Before making it to the big stage, they battled other students in their high school for a spot in the tournament. Freaks of Nature and solo artist Mannix Torres emerged as two of seven Science Genius Battles finalists. In the end, Freaks of Nature took home the title.

“They really didn’t believe in themselves winning,” Brooklyn Prep senior David Dourant said. “We were really their backbone.”

Dourant and fellow senior Peter Simms were in the Science Genius program with Freaks of Nature. While they were not finalists, they were like the official “hype-men” for the group — feeding the team energy so they could bring it.

Still, no one could have been more prouder of this win than their guidance counselor, Qiana Spellman, who helped launch the program this year at Brooklyn Prep. She introduced the idea to the principal who greenlit Science Battles to be part of the lunch club program. From there, Spellman pushed her students, encouraging them to bring ideas and work at the craft.

“It kinda tricks me into studying. I just passed my physics exam on accident.” — Peter Simms

“Some people think it’s corny — you hear science, you hear hip hop,” Spellman told NBCBLK. “No one expected it to be as dope as it is. No one expected them to be here. They are really, legitimately good whether they are talking about science or not, and now they’re taking a lot of pride in what they’re doing.”

Due to the success of this year, Spellman says she is working with her principal to make Science Genius an elective course so students can get credit for their work in the program.
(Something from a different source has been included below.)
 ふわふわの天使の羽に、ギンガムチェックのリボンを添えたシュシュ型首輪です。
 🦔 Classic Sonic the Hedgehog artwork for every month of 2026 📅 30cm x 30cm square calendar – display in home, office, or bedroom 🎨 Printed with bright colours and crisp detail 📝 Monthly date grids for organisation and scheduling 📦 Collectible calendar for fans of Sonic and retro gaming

For some students, the Science Genius Battles program is a win-win to tapping into their personal passions and achieving their academic goals.
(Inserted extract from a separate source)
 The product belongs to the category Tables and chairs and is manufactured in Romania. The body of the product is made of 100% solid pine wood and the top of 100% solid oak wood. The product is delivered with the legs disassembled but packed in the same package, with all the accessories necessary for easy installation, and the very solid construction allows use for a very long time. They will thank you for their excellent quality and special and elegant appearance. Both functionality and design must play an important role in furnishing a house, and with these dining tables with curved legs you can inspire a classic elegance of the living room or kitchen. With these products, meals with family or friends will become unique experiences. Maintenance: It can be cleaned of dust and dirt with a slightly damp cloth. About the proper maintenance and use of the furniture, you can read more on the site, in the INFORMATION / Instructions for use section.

“In my science class now, I pay more attention because I’m looking to add it to my music and it’s easier to understand because I’m adding it to my music,” Millington said.

For Simms, it’s not so intentional, but there are benefits nonetheless.
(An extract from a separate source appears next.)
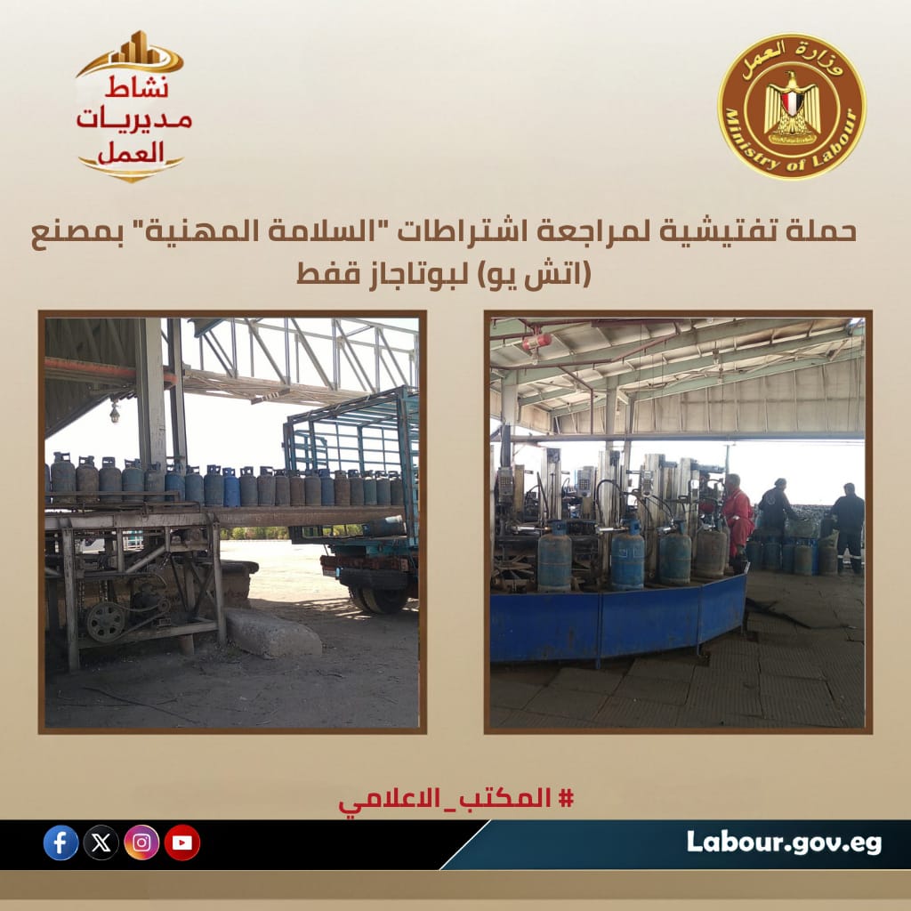 تنفيذاً لتوجيهات الوزير حسن رداد بتشديد الرقابة على المنشآت الحيوية؛ شنت مديرية عمل قنا، بإشراف أحمد محمد معوض، حملة تفتيشية بمشاركة هيئة التنمية الصناعية على مصنع تعبئة أسطوانات البوتاجاز بمركز قفط. شملت الحملة، التي قادها الكيميائي منصف مسعد والكيميائية شيماء رفاعي، فحص وسائل الوقاية والحماية وتوعية العاملين بمخاطر بيئة العمل لضمان تطبيق أعلى معايير السلامة والصحة المهنية والحفاظ على الأرواح والمنشآت بمركز قفط

“It kinda tricks me into studying," he said. “I just passed my physics exam on accident.”

Results like these keep Adjapong working harder to make the program better.

In his middle school experience, Adjapong says most teachers and students did not look like him. While he had a strong taking to the subject matter of science, he was disengaged because he felt like he couldn’t be himself in the classroom.

Having Emdin as his ninth grade teacher turned this all around.

Dr. Emdin, Tim Jones and Emdund Adjapong
Science Genius Program team consult with each other before the show to make sure everything is in order. (From Left: Dr. Chris Emdin, Tim Jones, Edmund Adjapong)Lauren Aseff

“He taught us science using youth culture and hip hop culture,” Adjapong said. “It just opened everything up for me. I was like ‘wow, I can actually do this.’ I can be who I want to be I could be who I want to be in that space. At that point, I saw the power of this.”

In addition to New York, Science Genius is in Chattanooga, Tenn., St. Lucie, Fl., Houston, Tx. and Toronto, Canada. Now in its fourth year, Science Genius Battles is a movement that intends to keep expanding to school districts across the country.

“We are in the process of moving to other cities,” Emdin said. “That’s is the most exciting piece of this work. We intend to keep growing globally and merge art, culture and science in powerful ways that reflect the culture of young people.”